Record set:
══════════

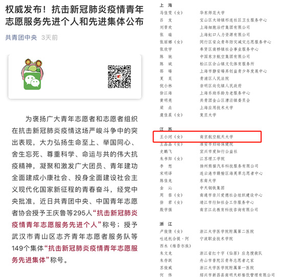 近日,为褒扬广大青年志愿者和志愿者组织在抗击新冠肺炎疫情这场严峻斗争中的突出表现,经党中央批准,共青团中央、中国青年志愿者协会授予295人“抗击新冠肺炎疫情青年志愿服务先进个人”称号,授予149个集体“抗击新冠肺炎疫情青年志愿服务先进集体”称号。红足1世官网王小珂同学荣获“抗击新冠肺炎疫情青年志愿服务先进个人”称号。
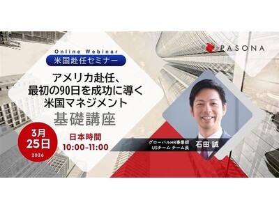 株式会社パソナは、米国赴任を予定している企業のご担当者や、米国拠点において人事・採用・組織運営に関わる責任者を対象に、ウェビナー「アメリカ赴任、最初の90日を乗り切る!米国拠点長・マネジャーのためのサバイバルガイド」を2026年3月25日(水)に開催いたします。
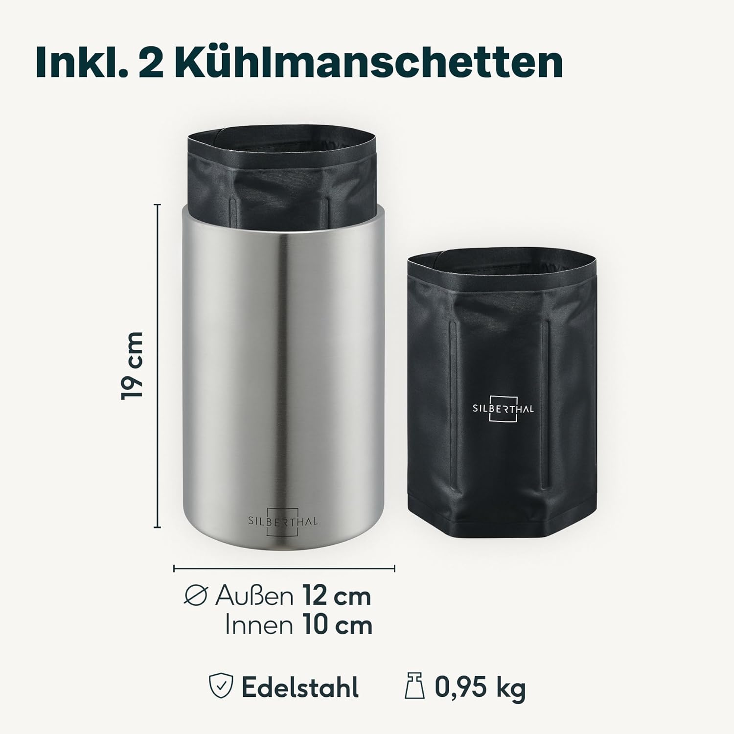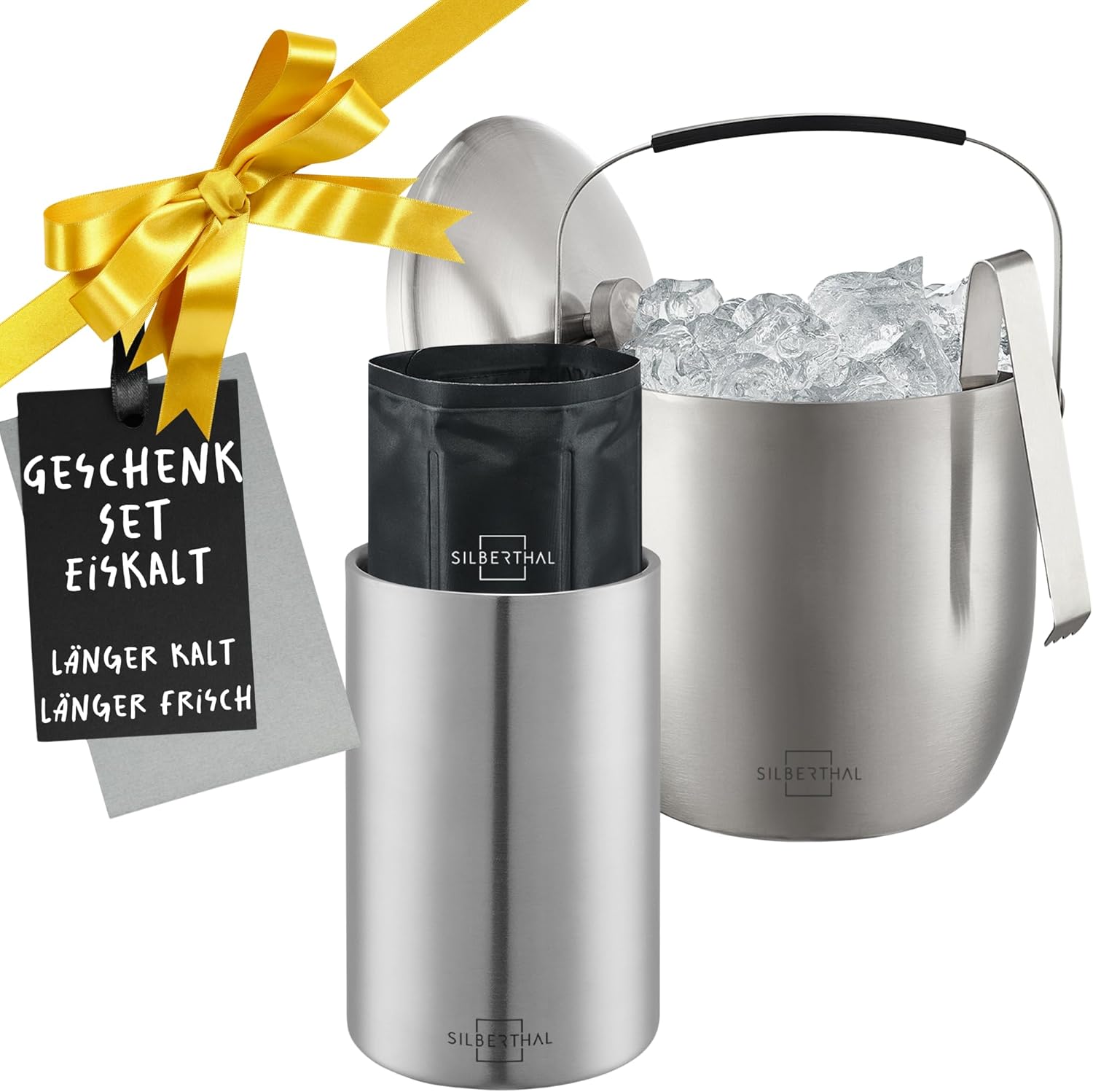 SILBERTHAL Weinkühler Edelstahl & Eiswürfelbehälter 3l mit Deckel und Zange - Flaschenkühler Set - mit 2 Kühlakkus - Praktisches Weinzubehör und Bar Accessoire Weinkühler & Eiseimer Set | قیمت یورویی 59.95€
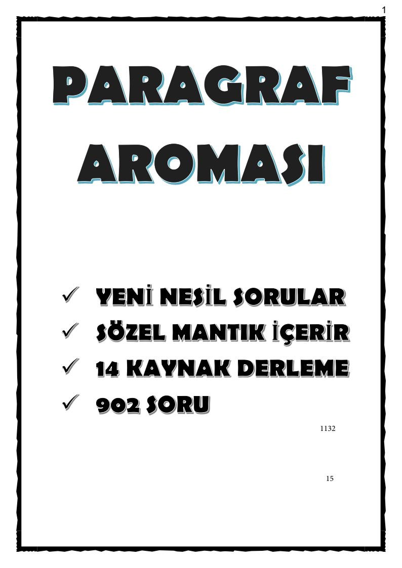 | Yayınevi | PARAGRAF SORU AROMASI |
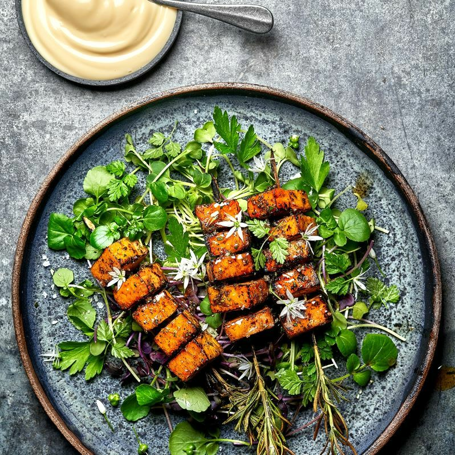 Tofua rosmariinivartaassa sekä auringonkukkaöljystä, kuivatusta oreganosta, hienonnetusta tuoreesta rosmariinista ja valkosipulista valmistettua marinadia. Tarjoillaan yrttipedillä cashewvoilla maustetun majoneesin kera
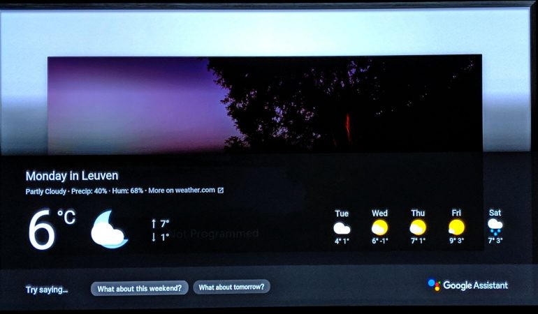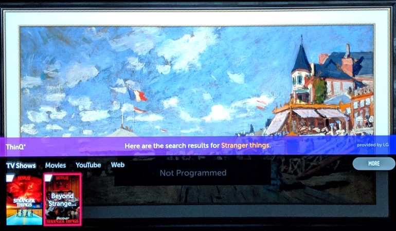 LG maakt voor een deel van zijn diensten gebruik van de Google Assistant. Die kan je bijvoorbeeld vragen welk weer het is (What’s the weather today), of om conversies voor je te doen (Convert 15 kg to Stone), Hoeveel afleveringen er zijn in Game of Thrones (How many episodes in Game of Thrones) en nog veel meer. Indien je de Google Assistant configureert met je Google-account kan je ook informatie vragen over je kalender (what’s on my calendar today), of kan je je foto’s bekijken die in Google Photo’s zitten (Show my photo’s). Een zoektocht naar ‘Stranger Things’ bracht ons rechtsreeks naar de reeks op Netflix.

══════════

What you should do:
Although the records contain pictures, print only the rest, exactly as written.

Answer section:
 近日,为褒扬广大青年志愿者和志愿者组织在抗击新冠肺炎疫情这场严峻斗争中的突出表现,经党中央批准,共青团中央、中国青年志愿者协会授予295人“抗击新冠肺炎疫情青年志愿服务先进个人”称号,授予149个集体“抗击新冠肺炎疫情青年志愿服务先进集体”称号。红足1世官网王小珂同学荣获“抗击新冠肺炎疫情青年志愿服务先进个人”称号。
 株式会社パソナは、米国赴任を予定している企業のご担当者や、米国拠点において人事・採用・組織運営に関わる責任者を対象に、ウェビナー「アメリカ赴任、最初の90日を乗り切る!米国拠点長・マネジャーのためのサバイバルガイド」を2026年3月25日(水)に開催いたします。
 SILBERTHAL Weinkühler Edelstahl & Eiswürfelbehälter 3l mit Deckel und Zange - Flaschenkühler Set - mit 2 Kühlakkus - Praktisches Weinzubehör und Bar Accessoire Weinkühler & Eiseimer Set | قیمت یورویی 59.95€
 | Yayınevi | PARAGRAF SORU AROMASI |
 Tofua rosmariinivartaassa sekä auringonkukkaöljystä, kuivatusta oreganosta, hienonnetusta tuoreesta rosmariinista ja valkosipulista valmistettua marinadia. Tarjoillaan yrttipedillä cashewvoilla maustetun majoneesin kera
 LG maakt voor een deel van zijn diensten gebruik van de Google Assistant. Die kan je bijvoorbeeld vragen welk weer het is (What’s the weather today), of om conversies voor je te doen (Convert 15 kg to Stone), Hoeveel afleveringen er zijn in Game of Thrones (How many episodes in Game of Thrones) en nog veel meer. Indien je de Google Assistant configureert met je Google-account kan je ook informatie vragen over je kalender (what’s on my calendar today), of kan je je foto’s bekijken die in Google Photo’s zitten (Show my photo’s). Een zoektocht naar ‘Stranger Things’ bracht ons rechtsreeks naar de reeks op Netflix.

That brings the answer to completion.